At Prime Minister’s Questions Labour leader Sir Keir Starmer said: “The Government has lost control of the messaging.”
Monday’s move to the new traffic light system weakened travel restrictions by moving 170 countries or territories to the amber list, he added.
“Since the Government loosened travel restrictions, 150 flights a day are going to amber list countries and travel agents are reporting surges in holiday bookings to those countries,” Sir Keir said.
The Prime Minister said the UK has “one of the strongest border regimes anywhere in the world”, adding 43 countries are on the red list to which travel is effectively banned.
He added: “If you travel to an amber list country for any emergency, any extreme reason that you have to, when you come back, you not only have to pay for all the tests but you have to self-isolate for 10 days – we will invigilate, we are invigilating it, and people who fail to obey the quarantine can face fines of up to £10,000.”
George Morgan-Grenville, founder and chief executive of travel company Red Savannah, said the industry is “facing a disaster” and cannot understand why it “has to bear the brunt of so much confused and mixed messaging from ministers”.
He told BBC Radio 4’s Today programme: “There are 10,000 lorries every day coming into this country through British ports, and those drivers are only required to take a lateral flow test.
“So the idea that people not going on holiday is going to shut out every virus is nonsensical.”
International travel rules for England, Wales and Scotland are broadly similar.
In Northern Ireland, journeys to the Common Travel Area – which consists of the UK, Republic of Ireland, Channel Islands and Isle of Man – for visits to family and friends will be allowed from May 24.

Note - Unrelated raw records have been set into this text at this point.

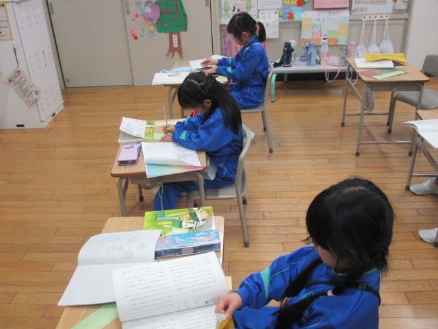 今年度68号となる、全校児童の作文を載せる文集「ひまわり」に、1年生は初めて作文を載せることになります。これまでの文集には、どのようなことが書かれているのかを読みながら、一生懸命考えていました。
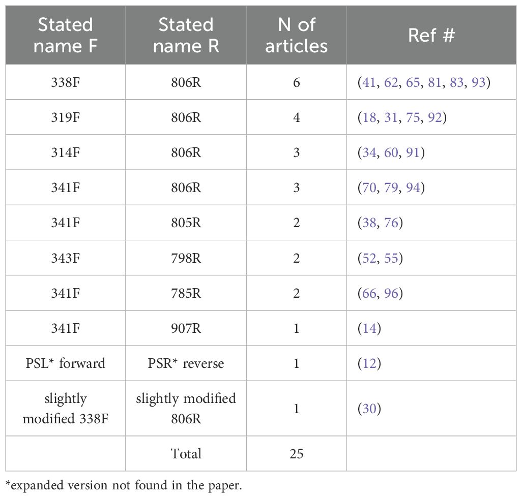 In 77 (86.5%) of the reviewed studies, amplicon sequencing of the 16S rRNA gene was performed, and the remaining five studies conducted shotgun sequencing (n = 11) or RNA-seq (n = 1). In the former group, the target regions were V1-V2 (n = 3), V1-V3 (n = 4), V3 (n = 2), V3-V4 (n = 44), V4 (n = 11), V4-V5 (n = 4), V5-V6 (n =1), or the full or almost full length of the gene (n =5); the 16S region was not specified in the other 3 studies. Among the 44 studies that targeted the V3-V4 region, some provided the primer name (n = 25) (Table 4), primer sequences (n = 29), or both name and sequence (n = 21); primers were not mentioned or specified in the other 11 articles.
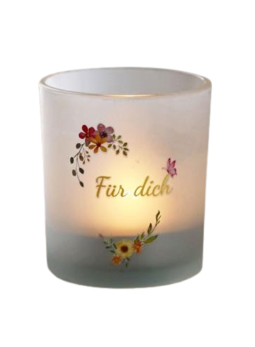 Das hochwertige Milchglas sorgt nicht nur für ein angenehmes Licht, sondern auch für eine stilvolle Optik. Die zarte Transparenz des Glases lässt das Licht sanft durchscheinen und verleiht den Gläsern eine edle Note. Die Blumen um den Spruch „Für dich“ verleihen den Gläsern einen romantischen Touch und machen sie zu einem echten Blickfang in jedem Raum.
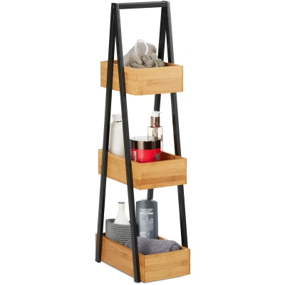 General description The Relaxdays Bamboo Bathroom Shelf is a compact 3-tier ladder rack designed for versatile use in bathrooms, kitchens, and other spaces. Its modern combination of natural bamboo and black metal not only enhances the aesthetic appeal but also ensures durability, making it suitable for humid environments. The shelf features three boxes that provide ample storage for small items such as cosmetics, stationery, and tools, fitting perfectly into small or unused niches. Technical specifications Dimensions (H x W x D): 81 x 18 x 30 cm Weight: 2.6 kg Capacity: 5 kg per tier Material: Bamboo, metal Colors: Natural, black Bottom inner size (H x W x D): 6.5 x 14 x 28 cm Middle inner size (H x W x D): 6.5 x 14 x 24 cm Top inner size (H x W x D): 6.5 x 14 x 20 cm Distance between tiers: 19.5 cm Installation Included in delivery: 1x Ladder Rack in pieces Assembly materials and instructions are provided Usage This versatile shelf can be used in various settings, including kitchens
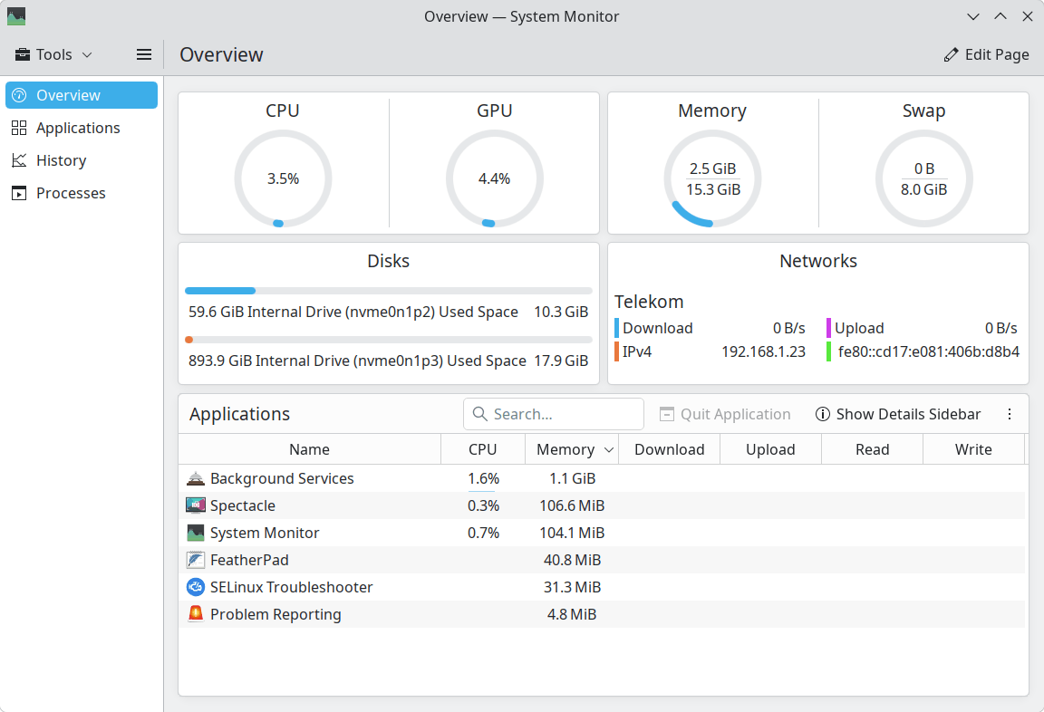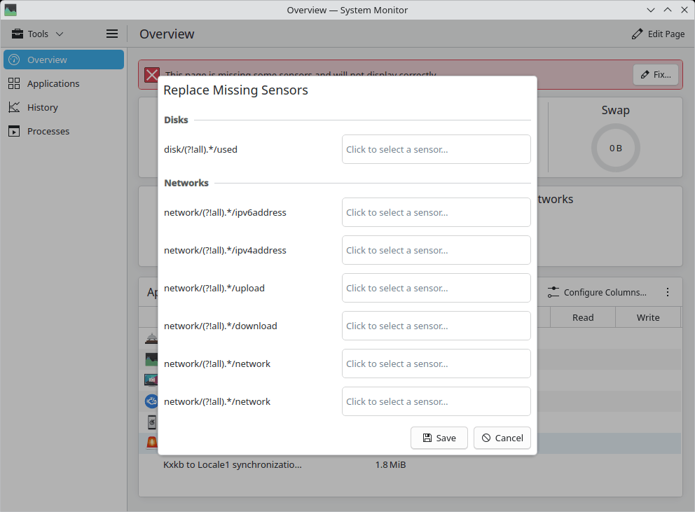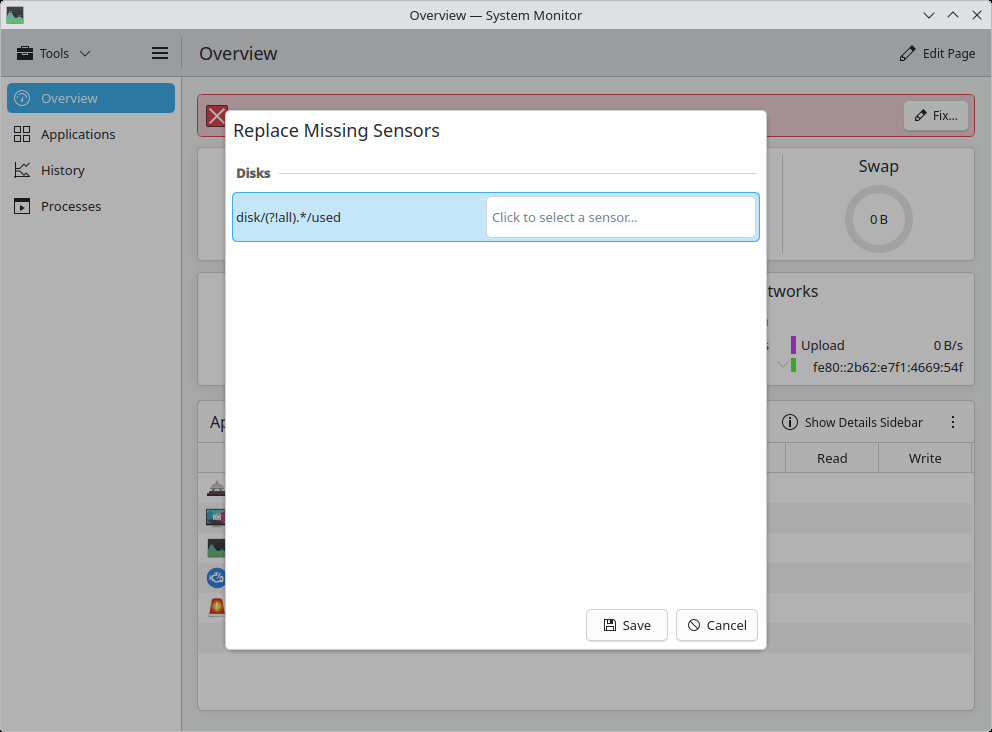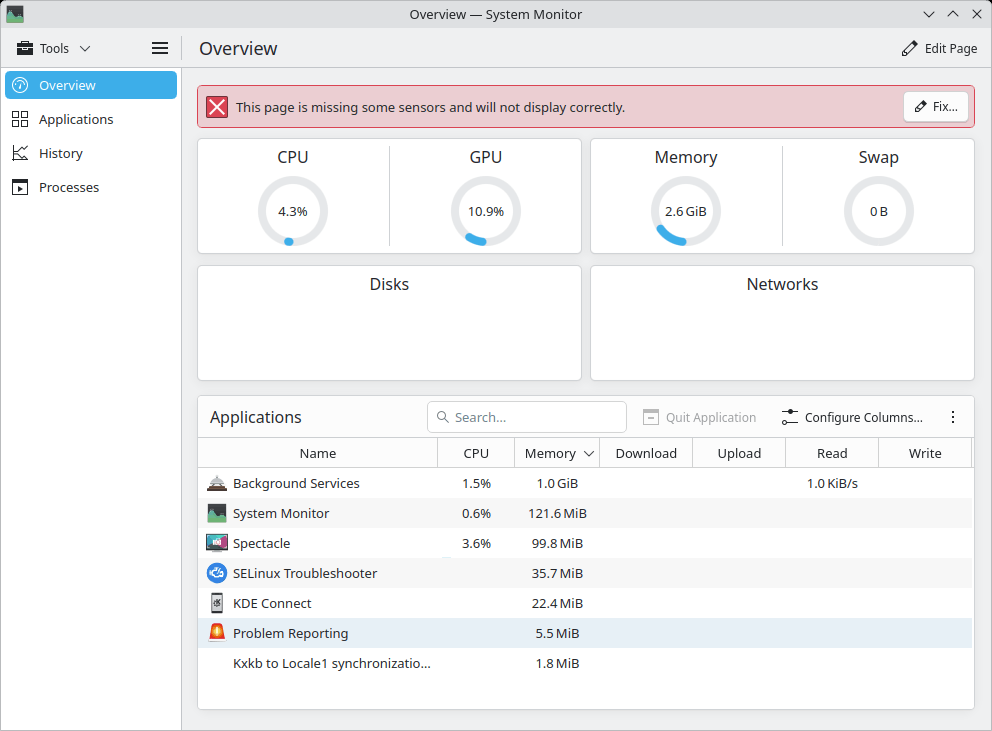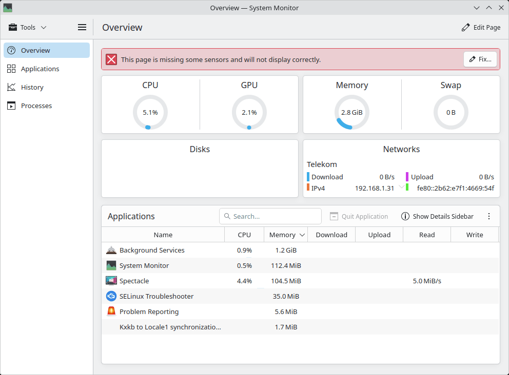 Then, the very first visible bug was the missing NVMe SSD “sensors” (is the disk space really measured by sensors?) in KDE’s System Monitor:
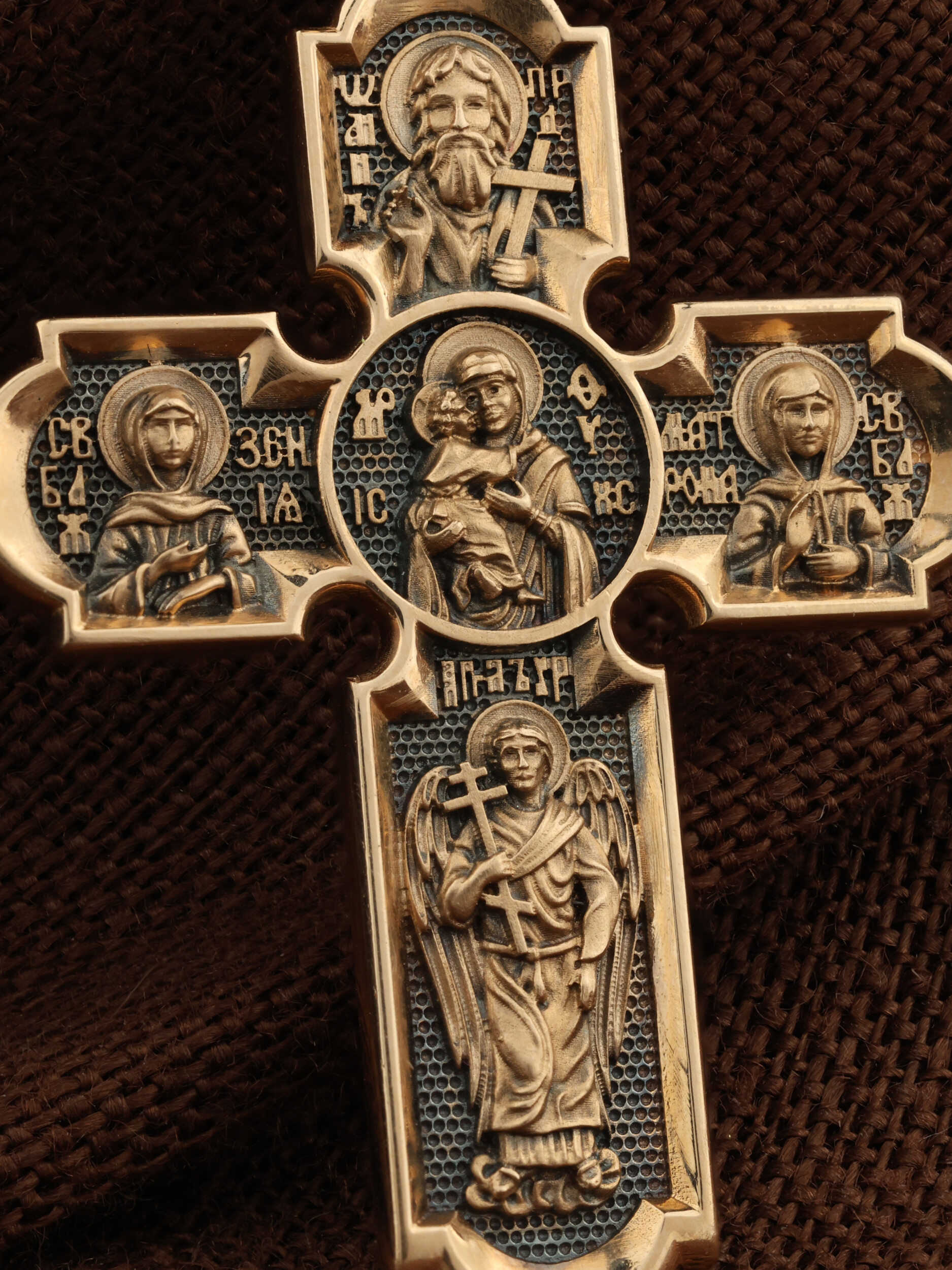 Центральную часть оборота креста украшает Владимирская икона Божией Матери. По преданию, она была написана на доске трапезного стола из дома Иисуса Христа. На Русь икона была привезена в начале XII века и с тех пор почитается как главная святыня нашего Отечества. Внизу изображен Архангел Михаил, слева — Святая Блаженная Ксения, справа — Святая Блаженная Матрона, вверху — пророк, почитающийся в христианстве, Предтеча Господень Иоанн Креститель. На кулонном кольце изображен Спас Нерукотворный — Символ вочеловечившегося Божества.
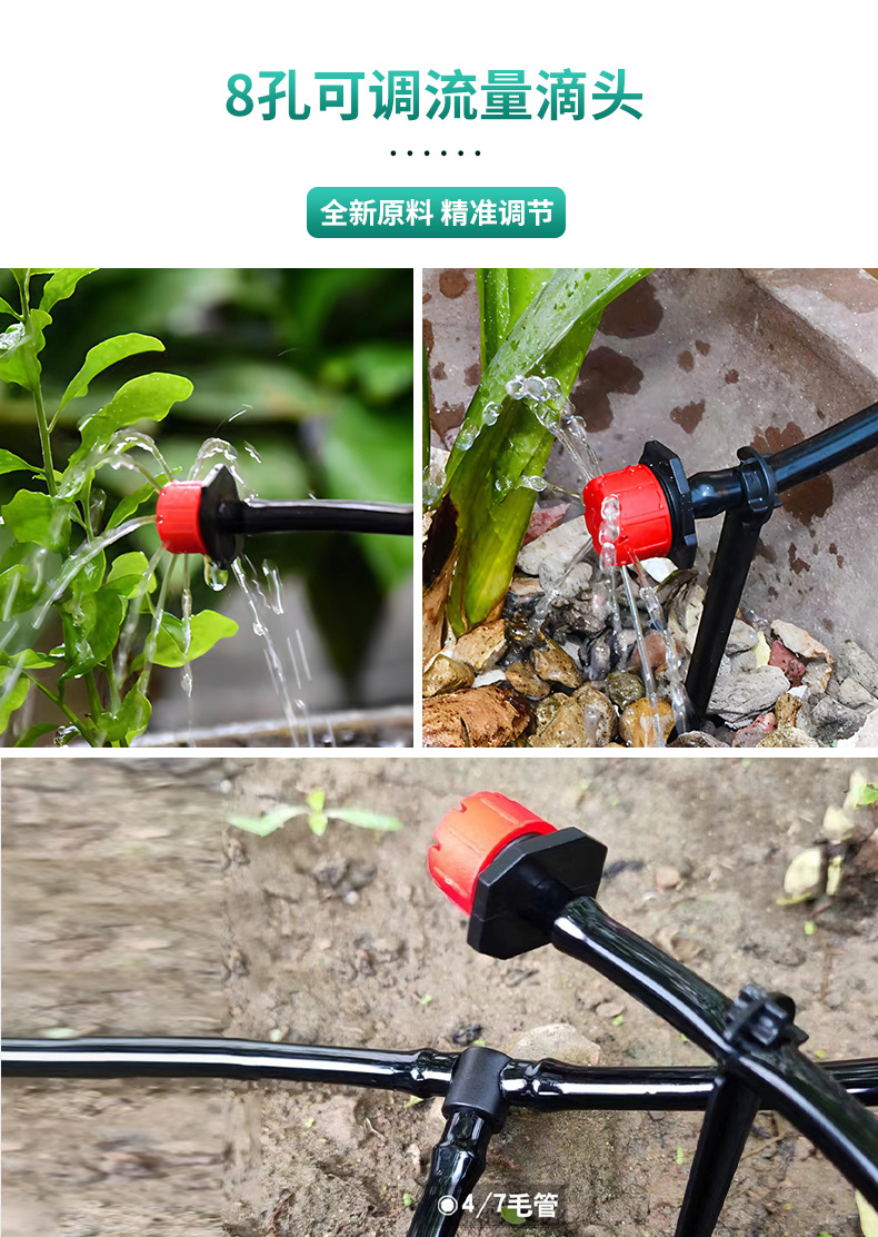 Капельница с восемью отверстиями для фруктовых деревьев, капельное орошение, защита от засорения, регулируемая капельница, новая модель, капельница «Красная Шапочка» с восемью отверстиями и регулируемым расходом
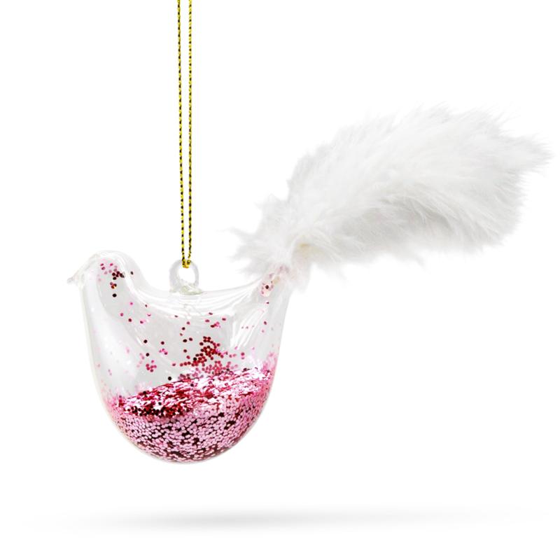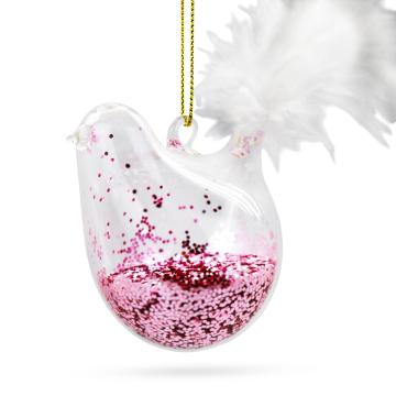 Оживите ёлку в этом году с помощью оригинального ёлочного украшения, которое придаст празднику лёгкость, стиль и особое очарование. Украсьте волшебство вместе со стеклянной изящной птичкой с розовым глиттером и белым хвостом!
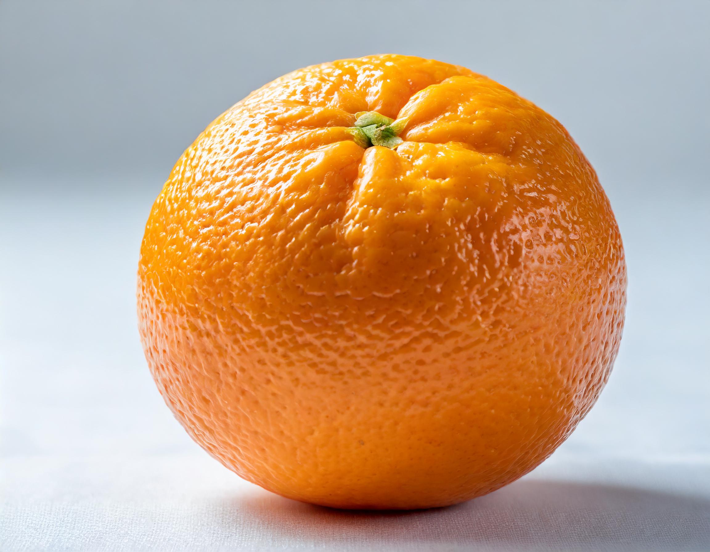Une image très détaillée et réaliste d'un seul fruit orange entier isolé sur un fond blanc uni, remplissant entièrement le cadre sans dépasser ses limites. L'orange n'est pas coupée en deux, et il n'y a qu'une seule orange dans l'image. L'image est très précise, mettant en évidence la texture granuleuse de la peau. L'orange est éclairée par une lumière douce qui souligne néanmoins sa forme ronde, et l'orange est dépourvue de feuilles.

But the Stormont Executive has not made a decision about the resumption of international leisure travel from Northern Ireland.
In other developments:
– Three people have died in Scotland due to coronavirus vaccine adverse-effects, out of 2.81 million who received at least one dose by April 30.
– The Prime Minister said there was increasing confidence that the vaccines being used work against all variants, including the highly-transmissible Indian strain.
– David Greenhalgh, Conservative leader of Bolton Council, warned there was a “danger of unrest” if local lockdowns were imposed to curb the spread of the Indian variant.
The travel rules are aimed at preventing cases of coronavirus – and new variants – being imported into the UK.
But the spread of the Indian variant has underlined the problem, with shadow health secretary Jonathan Ashworth telling Sky News “our borders have been about as secure as a sieve throughout this crisis”.